Evaluating single-sample Google Trends research studies: What’s hype and what’s not

Jacques Raubenheimer, Jonathan Inkiriwang, Adela Wu, Nicholas Buckley

Background: Digital health studies using Google Trends (GT) have increased exponentially since the release of the first GT paper in 2009. However, the recommendations of two systematic reviews (Nuti et al, 2014; Mavragani et al, 2018) have largely been ignored. Also, only a handful of several thousand studies have used multiple sampling techniques to improve their estimates. The impact of inadequate sampling is unknown.

Aims: To re-examine published studies using multiple sampling from GT and estimate the impact of inadequate sampling.

Methods: We identified four studies with published data: Lazer et al (2014), Gamma et al (2016), Husnayain et al (2019), Schneider et al (2020).
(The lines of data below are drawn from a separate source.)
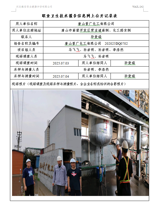 2025年唐山晋广化工有限公司定期检测网上公示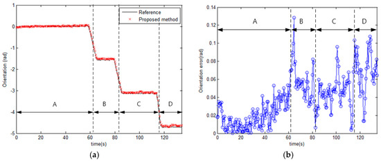 The estimated orientation from the proposed method. A, B, C, and D represent the sections of the test corridor, as shown in Figure 2. (a) The estimated orientation and the reference orientation; (b) The errors from the estimated orientation.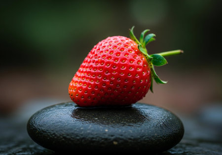 A single, vibrant red strawberry rests on a dark, wet stone, with a blurred natural background.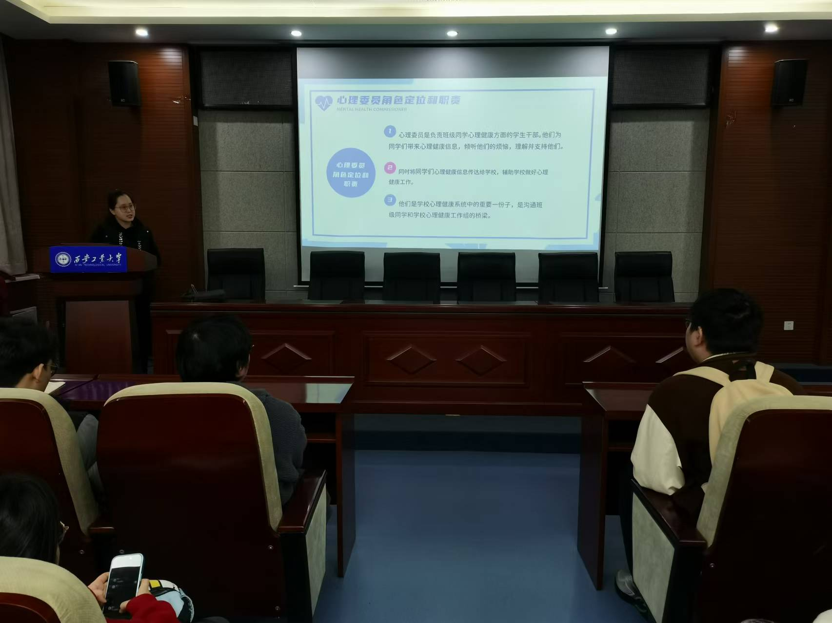 于11月25日在工四204会议室举办心理委员培训专题会议。本次会议由本科辅导员乔娜主讲,2024级研究生辅导员张启妍和全体心理委员参加。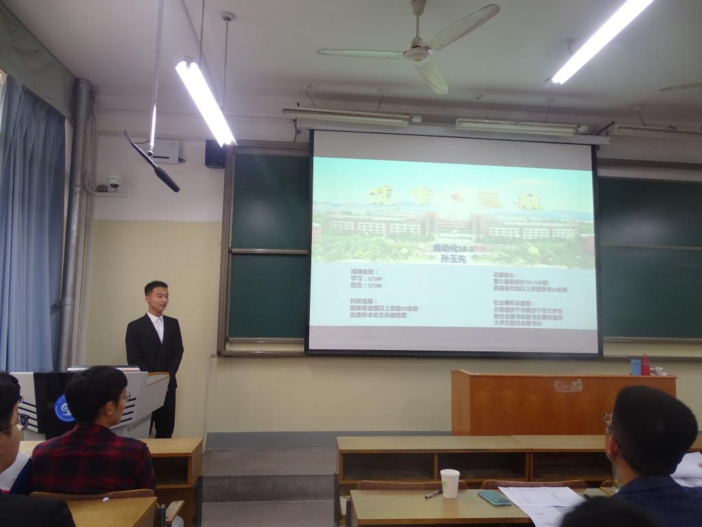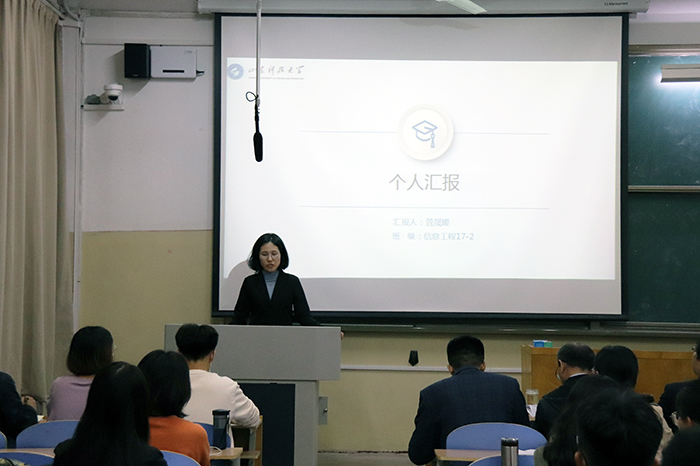 答辩在东校园5103和西校园2104分别依次进行,参会的13名老师及6名学生代表担任答辩评委。23名答辩人按照会前抽签顺序依次上台,采用PPT和现场演说相结合的形式,就思想状况、学习情况、工作情况、科技创新、志愿服务、社会实践、所获奖励等方面的表现进行了汇报展示,答辩评委结合候选人的展示内容进行了现场提问。整个答辩现场庄重而热烈,候选人精神饱满、自信大方,现场观摩学生认真倾听,不时为答辩人的精彩表现报以热烈掌声。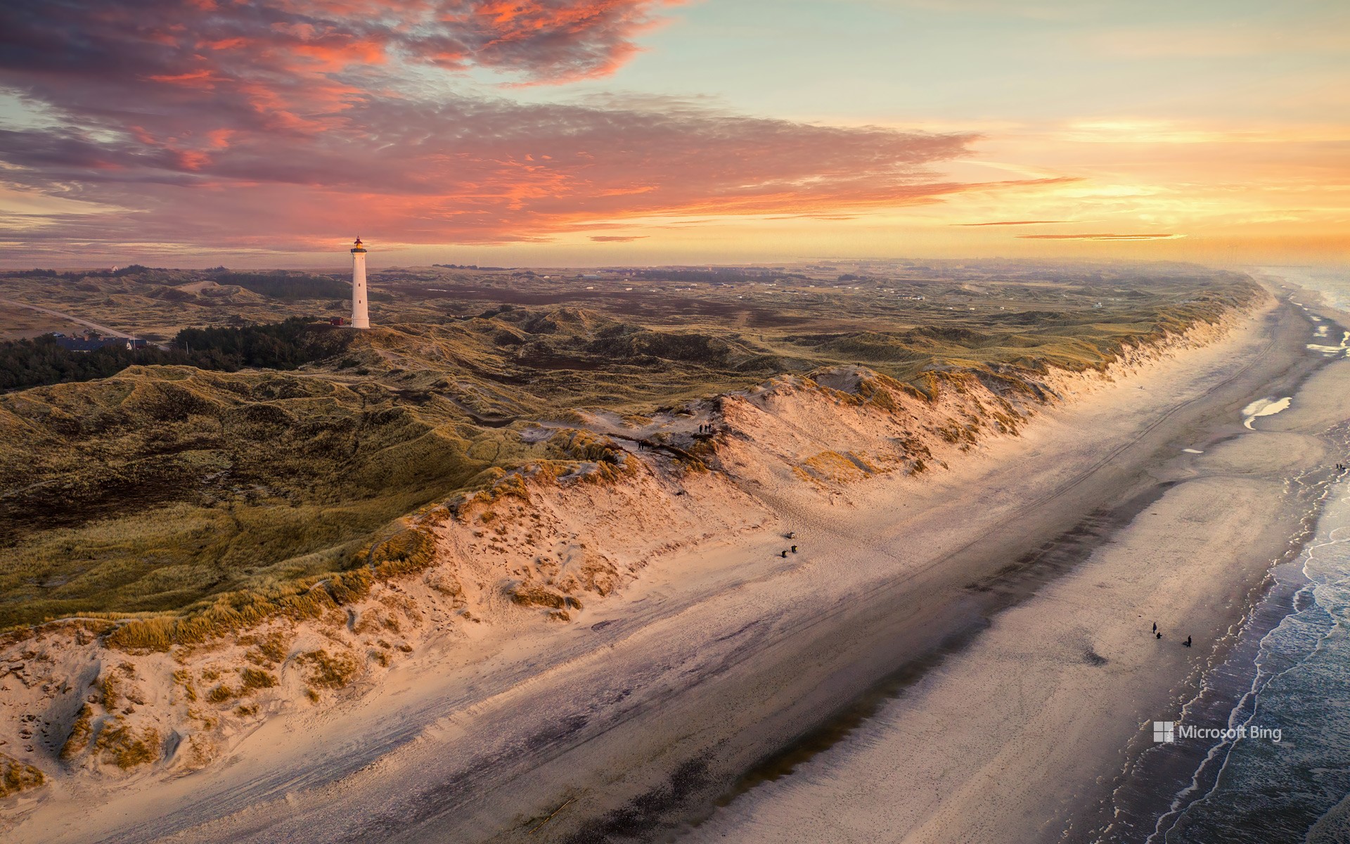 画像のリングヴィグ灯台は町の象徴的な存在です。1906 年に建設され、高さは約 37m あります。灯台の眼前には、雄大な砂浜と果てしなく続く海岸線が広がっており、サーフィンやカイトサーフィン、スタンドアップパドルなどのウォータースポーツが盛んです。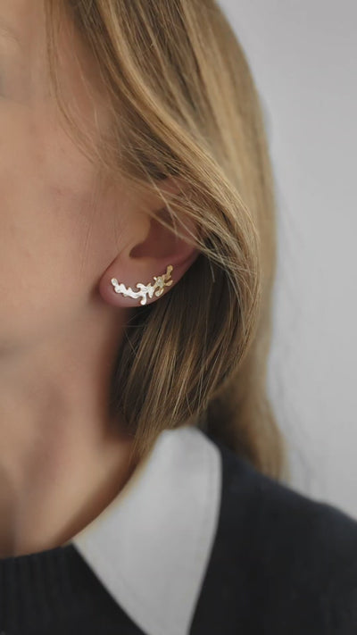 Boucles d'oreilles martelées "Climbers" (Grimpantes) inspirées par les formes des papiers découpés d'Henri Matisse. Ces boucles ne nécessitent qu'un seul trou et habillent l'intégralité du lobe.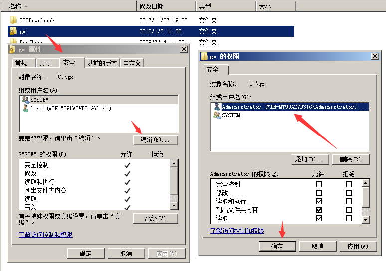 然后,我们需要在操作系统里面设置共享文件只让某个用户访问。方法:右键点击某个共享文件,选择“属性”,然后切换到“安全”,然后点击“编辑”,选中禁止访问此共享文件夹的账号点击“删除”,再点击“添加”,添加允许访问此共享文件夹的账号,如下图: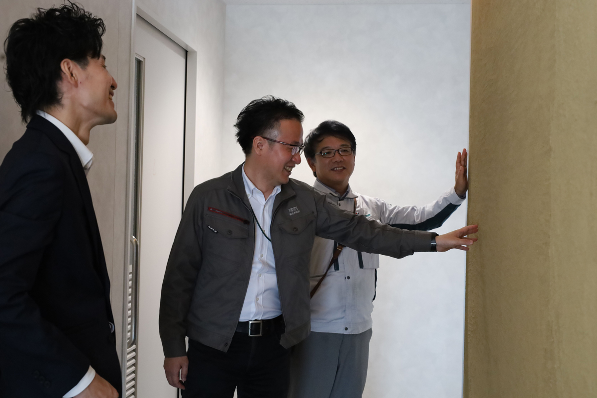 そうしたなかで、淺沼組さんから提案いただいた「土壁」は、お客様の相談をメインとしたこれからの店舗のあり方を考えるうえでも、非常にしっくりくるものでした。私たちが仕上げ材に土を取り入れるのは初めての取り組み。実際に名古屋支店を見学させていただいたことで、空間のイメージが明確になり、自然素材の柔らかさを感じました。また、ワークショップで社員の方が施工されたと伺い、私たちの方でも同様の体験を取り入れたいとお願いしました。自然素材である土を仕上げ材として活用し、その施工を職員や家族が手がけるというプロセスには、大きな魅力を感じました。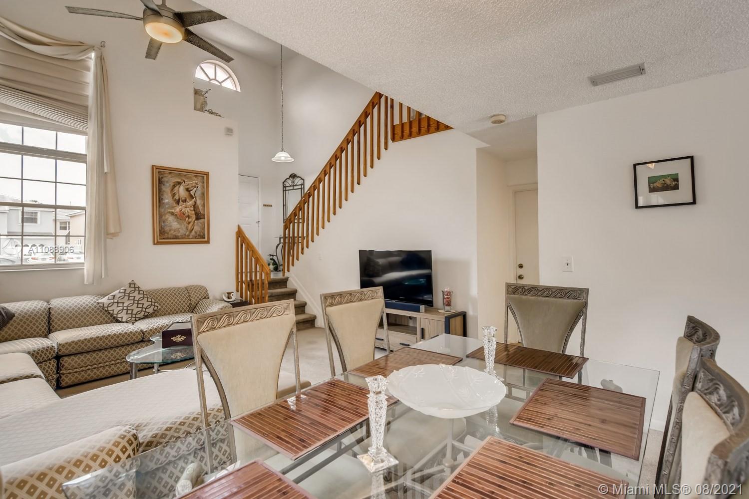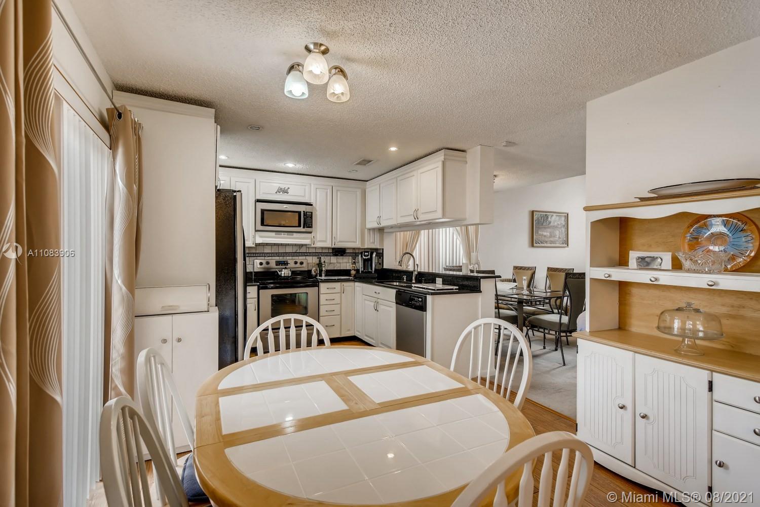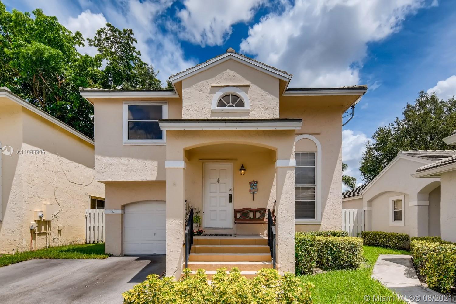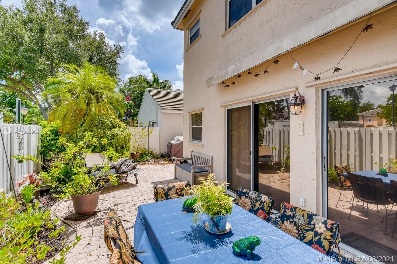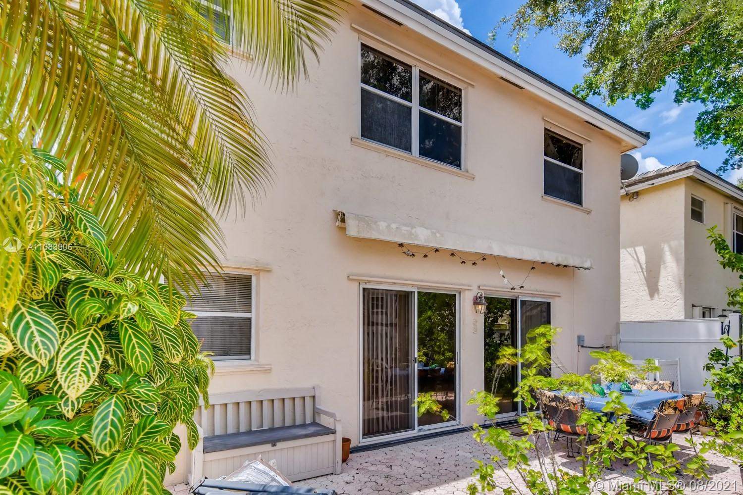 Fantastic 3 bd/ 2.5 ba two-story home with stainless steel appliances, a peninsula bar, granite countertops and a side dining nook with built-in cabinetry. A side living area stretches beyond the kitchen and runs across the rear of the home. bedrooms on the second level — the primary has plush carpeting, custom built armoire, ensuite bathroom with tiled standing shower, granite vanity and massive walk-in closet with custom shelving. The secondary bedrooms are also carpeted. Paradise waits in your own backyard; find yourself amongst the palms and lush, tropical vegetation on the paver patio as you entertain or enjoy the solitude — a surrounding fence ensures your privacy. Roof 2012, AC 2020, Water Heater 2003. HAS HOA.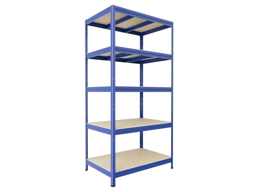 Bezskrutkový regál Biedrax 35 x 120 x 210 cm, modrý, 5 políc OSB 10 mm, nosnosť 200 kg na policu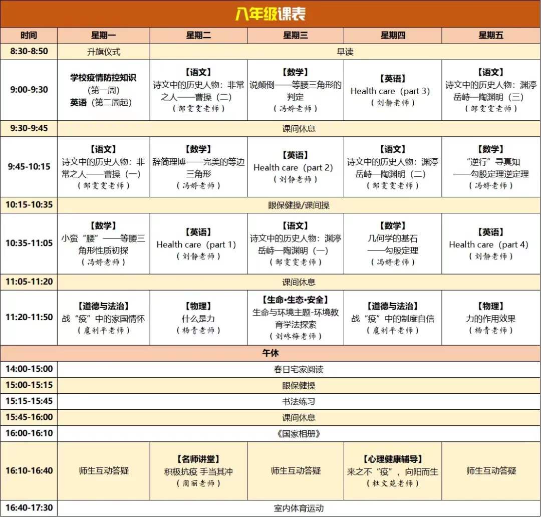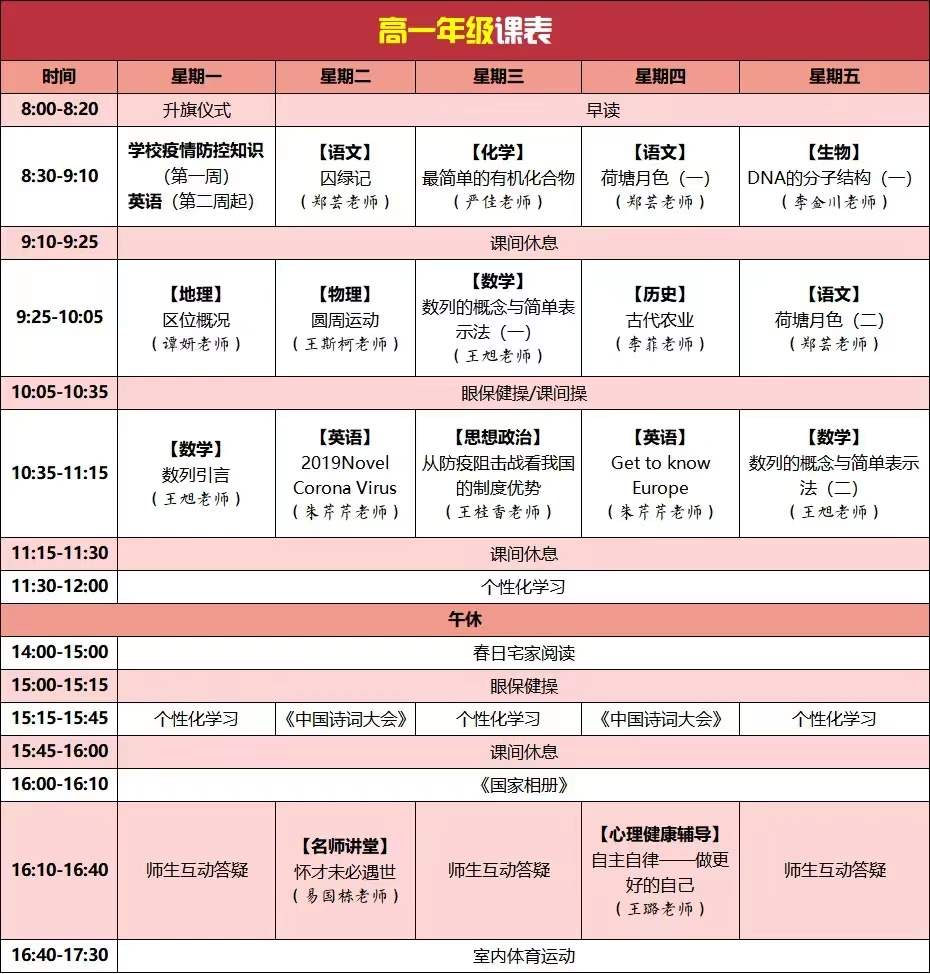 1.中学课表供我省疫情防控延期开学期间七年级、八年级使用。高中课表供我省疫情防控延期开学期间高一年级、高二年级使用。

We replicated the methods of each study using their own data, confirming their results. We extracted 130 samples of GT data using the same specifications (time, region, terms) as the authors. We repeated the four article analyses on each sample and tallied the impact on the results.

Results: Each study showed some variation in its results across multiple samples, from minor, but noticeable, to significantly different outcomes. As expected, the best estimate was obtained using the mean series across all 130 samples.

Conclusions: Research using GT needs to take multiple samples of data to obtain accurate estimates before analysis. The number of samples needed appear to be related to the time frame (earlier data require more samples). The four studies all used different methods of analysis, and more research is needed to determine the extent to which different analysis methods are impacted by inadequate sampling.